**REQUIRED WORK:** Below is a listing; write it out exactly and drop any images from it.

**EXTRACTED RECORDS:**

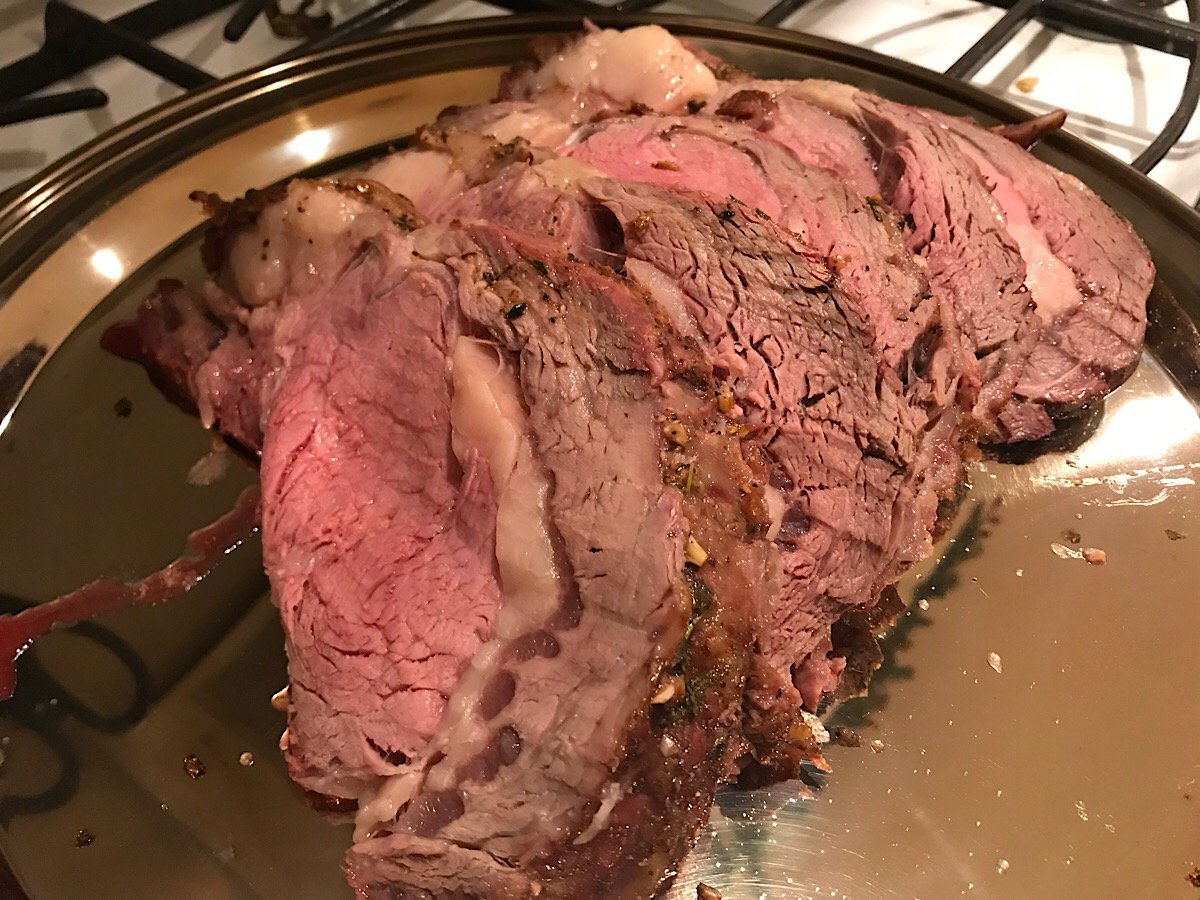 Nice looking roast!!! Since my family is rare/medium rare I was going for less brown on the outside and more medium rare (I've been told rare for a rib roast does not let the fat render properly). I got it to 120 but since it took longer than I thought, only let it rest for about 10 minutes then hit it at 550 for 7-8 minutes so there was a little more medium around the edges creeping into the middle of the roast.
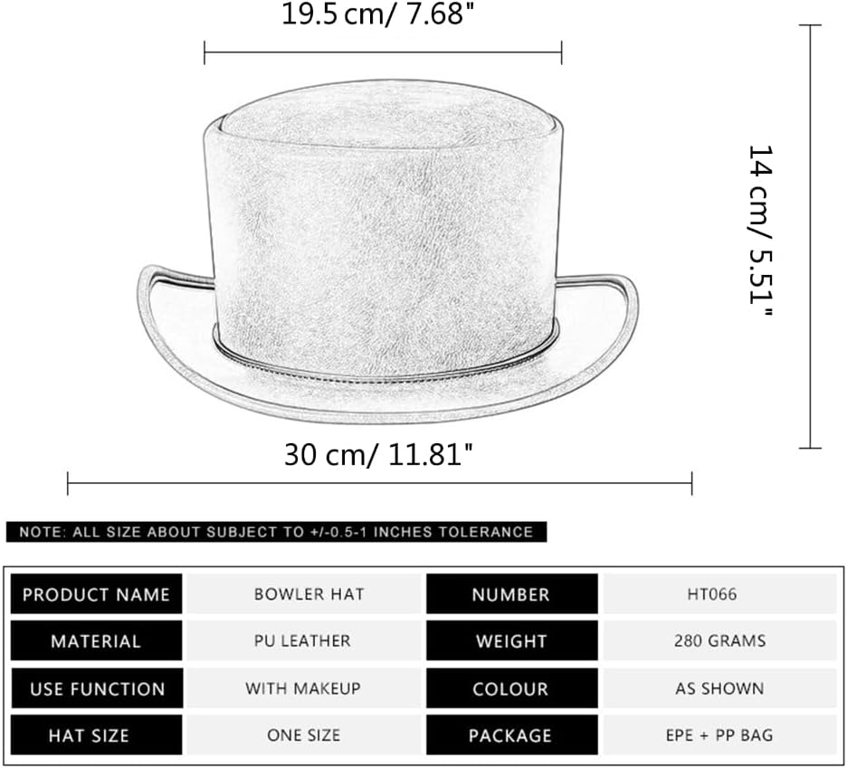 Caratteristiche: Distinguiti dalla massa con il nostro classico ed elegante cappello a cilindro da mago in poliuretano. Perfetto per aggiungere un tocco di raffinatezza e mistero ai tuoi gusti. Realizzati con attenzione ai dettagli, i nostri cappelli presentano design accattivanti come corone alte e tese larghe, assicurandoti di avere un impatto visivo ovunque tu vada. Adatto ad adulti che apprezzano la moda e vogliono distinguersi dalla massa. I nostri cappelli sono pensati per chi apprezza l'eleganza e la personalità. Che si tratti di una festa a tema, di spettacoli teatrali o di attività artistiche, i nostri cappelli sono la scelta perfetta per mettere in risalto il tuo carattere e creare una performance scenica accattivante. Migliora il tuo stile quotidiano con il nostro cappello versatile che può essere abbinato a vari abiti, permettendoti di esprimere la tua personalità unica e la tua sicurezza per strada o in incontri sociali. Caratteristiche: Materiale: poliuretano. Dimensioni: circa 30 x 14 cm. Colore: nero, marrone. Nota: 1. Si prega di consentire un errore di 1-2 cm dovuto alla misurazione manuale. Assicurati che non ti dispiaccia prima di ordinare. Il colore dell'articolo può variare dalla foto a seconda delle impostazioni di visualizzazione e luminosità del computer. Contenuto: 1 cappello a cilindro da mago in poliuretano
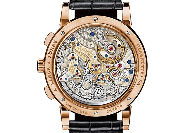 1815 “Homage to Walter Lange”掌握兩大計時功能。在6時位置的小錶盤上,小秒針每格刻度推進6步,這同時代表著每小時21,600次的振頻。藍鋼中央秒針則每秒精確跳動一次,並可依照需要連續運行或固定不動。設於2時位置的按鈕可啟動並掣停秒針。這對於心跳率測量尤其實用。
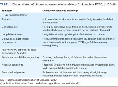 Med ICD-11 får vi mulighed for at stille diagnosen kompleks PTSD, hvilket inkluderer både klassiske PTSD-symptomer samt vedvarende forstyrrelser i personlighedsfunktionen [1-7]. Denne diagnose erstatter ICD-10-diagnosen F62.0 Personlighedsændring af katastrofeoplevelse. Grundet store konceptuelle og empiriske overlap har man ofte sammenlignet kompleks PTSD med personlighedsforstyrrelse, herunder typisk borderline og ængstelig-evasiv type [5, 8, 9]. Der har sågar været argumenteret for, at ICD-11-diagnosen kompleks PTSD overflødiggør diagnosen borderline personlighedsforstyrrelse [10], mens andre har søgt at fremhæve forskellene mellem disse diagnoser [11, 12]. Tilsvarende er der fremhævet ligheder imellem kompleks PTSD og undvigende personlighedsforstyrrelse, med vægt på undgåelsesadfærd [13].
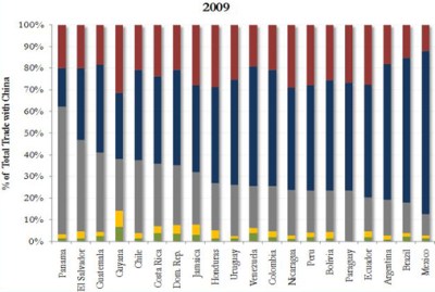 There is no meaningful intra-industry trade(a proxy for the extent of such spillovers effects)between LAC and China. A closer look at the composition of exports and imports between LAC and China (figure 1) show another hint of how this connection differs in nature from that of the Tigers and Japan.
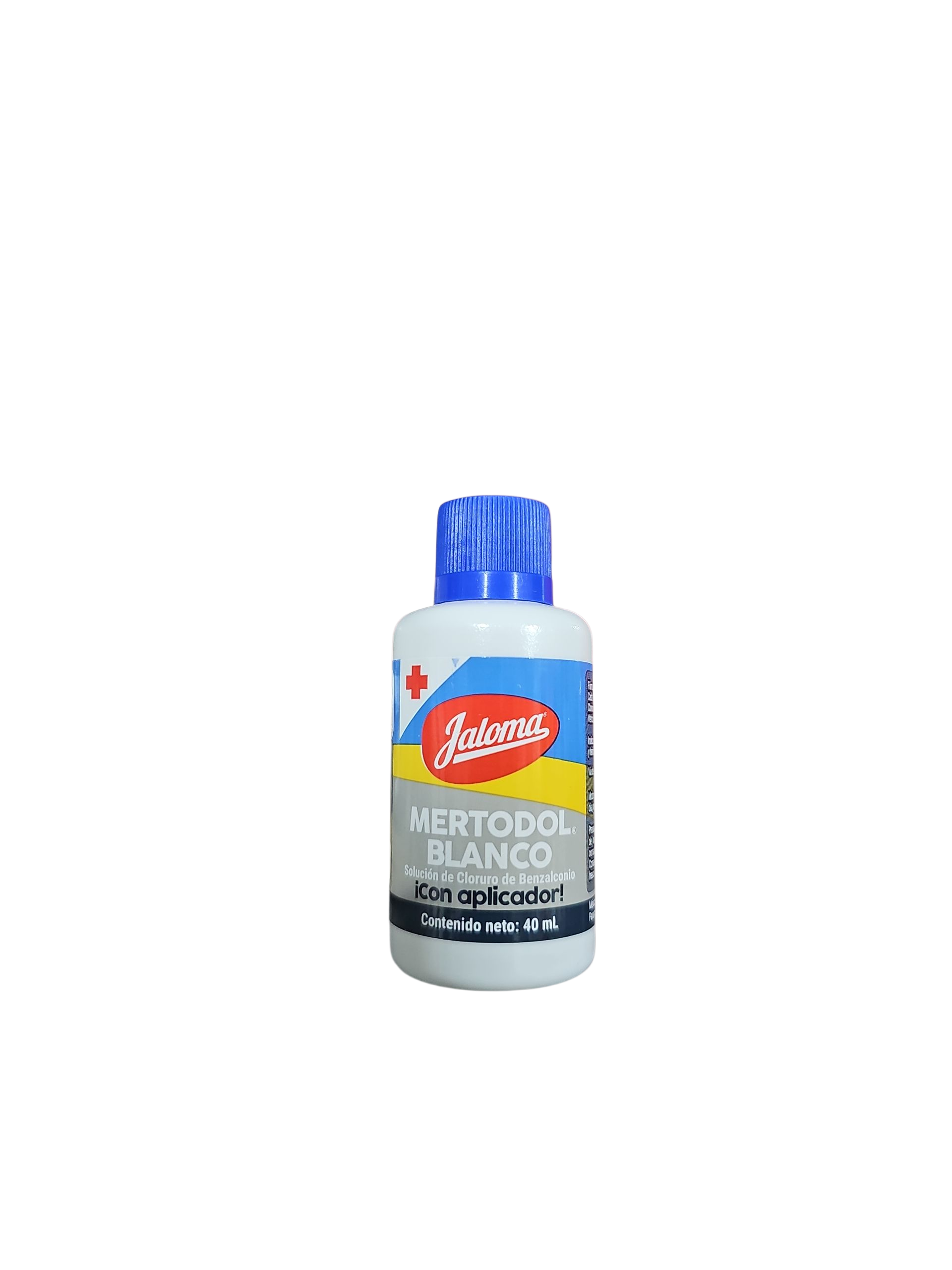 El Mertodol Blanco Jaloma es un antiséptico tópico ideal para la desinfección de pequeñas heridas, raspones, cortaduras leves y quemaduras superficiales. Su fórmula con cloruro de benzalconio al 0.13 % ayuda a prevenir infecciones y favorece una adecuada cicatrización.
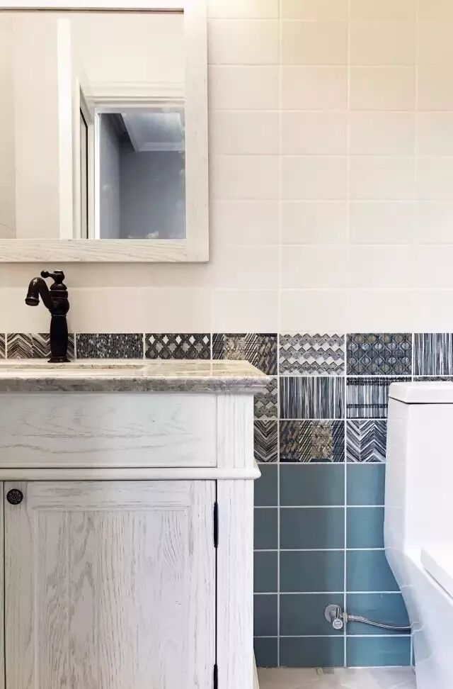 雾霾蓝本身属于一种高级灰的颜色,比起生硬的蓝色,更富有高级感,作为卫生间的主色调,可以凸显出自己独特的品味。
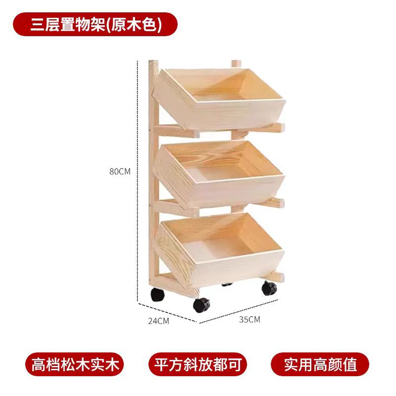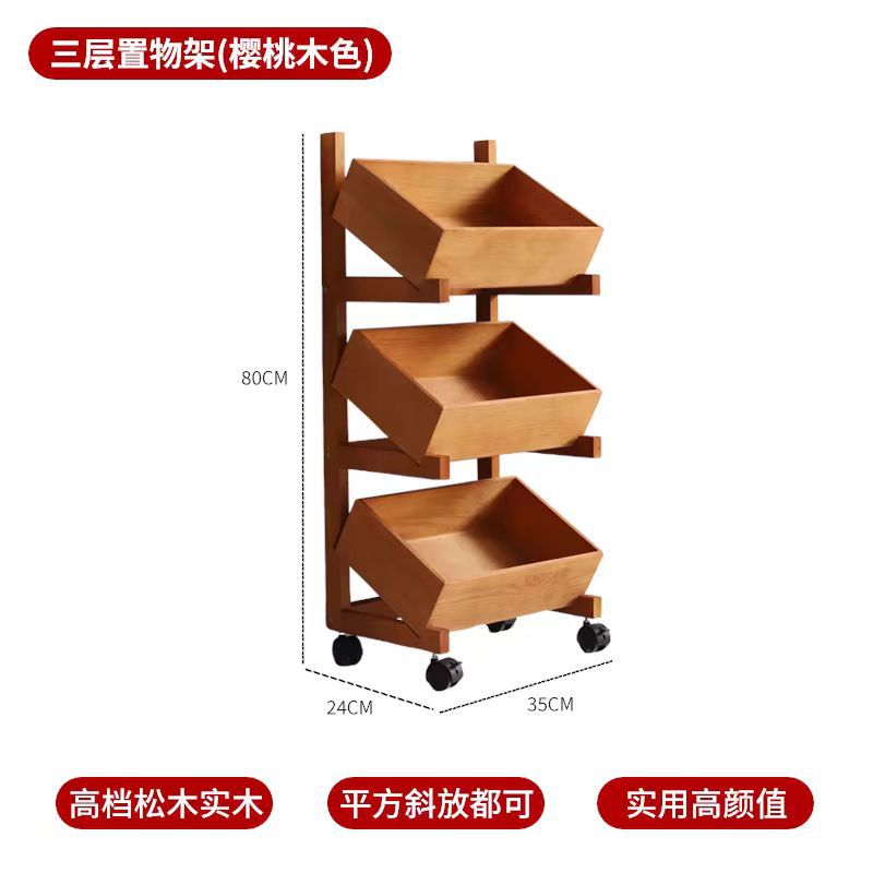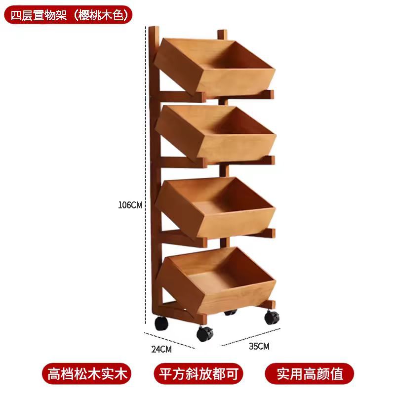 나무 보관 랙 다층 책꽂이 이동식 스낵 보관 랙 거실 주방 과일 및 야채 보관 솔리드 우드 스토리지 랙

**TASK OUTPUT:**
 Nice looking roast!!! Since my family is rare/medium rare I was going for less brown on the outside and more medium rare (I've been told rare for a rib roast does not let the fat render properly). I got it to 120 but since it took longer than I thought, only let it rest for about 10 minutes then hit it at 550 for 7-8 minutes so there was a little more medium around the edges creeping into the middle of the roast.
 Caratteristiche: Distinguiti dalla massa con il nostro classico ed elegante cappello a cilindro da mago in poliuretano. Perfetto per aggiungere un tocco di raffinatezza e mistero ai tuoi gusti. Realizzati con attenzione ai dettagli, i nostri cappelli presentano design accattivanti come corone alte e tese larghe, assicurandoti di avere un impatto visivo ovunque tu vada. Adatto ad adulti che apprezzano la moda e vogliono distinguersi dalla massa. I nostri cappelli sono pensati per chi apprezza l'eleganza e la personalità. Che si tratti di una festa a tema, di spettacoli teatrali o di attività artistiche, i nostri cappelli sono la scelta perfetta per mettere in risalto il tuo carattere e creare una performance scenica accattivante. Migliora il tuo stile quotidiano con il nostro cappello versatile che può essere abbinato a vari abiti, permettendoti di esprimere la tua personalità unica e la tua sicurezza per strada o in incontri sociali. Caratteristiche: Materiale: poliuretano. Dimensioni: circa 30 x 14 cm. Colore: nero, marrone. Nota: 1. Si prega di consentire un errore di 1-2 cm dovuto alla misurazione manuale. Assicurati che non ti dispiaccia prima di ordinare. Il colore dell'articolo può variare dalla foto a seconda delle impostazioni di visualizzazione e luminosità del computer. Contenuto: 1 cappello a cilindro da mago in poliuretano
 1815 “Homage to Walter Lange”掌握兩大計時功能。在6時位置的小錶盤上,小秒針每格刻度推進6步,這同時代表著每小時21,600次的振頻。藍鋼中央秒針則每秒精確跳動一次,並可依照需要連續運行或固定不動。設於2時位置的按鈕可啟動並掣停秒針。這對於心跳率測量尤其實用。
 Med ICD-11 får vi mulighed for at stille diagnosen kompleks PTSD, hvilket inkluderer både klassiske PTSD-symptomer samt vedvarende forstyrrelser i personlighedsfunktionen [1-7]. Denne diagnose erstatter ICD-10-diagnosen F62.0 Personlighedsændring af katastrofeoplevelse. Grundet store konceptuelle og empiriske overlap har man ofte sammenlignet kompleks PTSD med personlighedsforstyrrelse, herunder typisk borderline og ængstelig-evasiv type [5, 8, 9]. Der har sågar været argumenteret for, at ICD-11-diagnosen kompleks PTSD overflødiggør diagnosen borderline personlighedsforstyrrelse [10], mens andre har søgt at fremhæve forskellene mellem disse diagnoser [11, 12]. Tilsvarende er der fremhævet ligheder imellem kompleks PTSD og undvigende personlighedsforstyrrelse, med vægt på undgåelsesadfærd [13].
 There is no meaningful intra-industry trade(a proxy for the extent of such spillovers effects)between LAC and China. A closer look at the composition of exports and imports between LAC and China (figure 1) show another hint of how this connection differs in nature from that of the Tigers and Japan.
 El Mertodol Blanco Jaloma es un antiséptico tópico ideal para la desinfección de pequeñas heridas, raspones, cortaduras leves y quemaduras superficiales. Su fórmula con cloruro de benzalconio al 0.13 % ayuda a prevenir infecciones y favorece una adecuada cicatrización.
 雾霾蓝本身属于一种高级灰的颜色,比起生硬的蓝色,更富有高级感,作为卫生间的主色调,可以凸显出自己独特的品味。
 나무 보관 랙 다층 책꽂이 이동식 스낵 보관 랙 거실 주방 과일 및 야채 보관 솔리드 우드 스토리지 랙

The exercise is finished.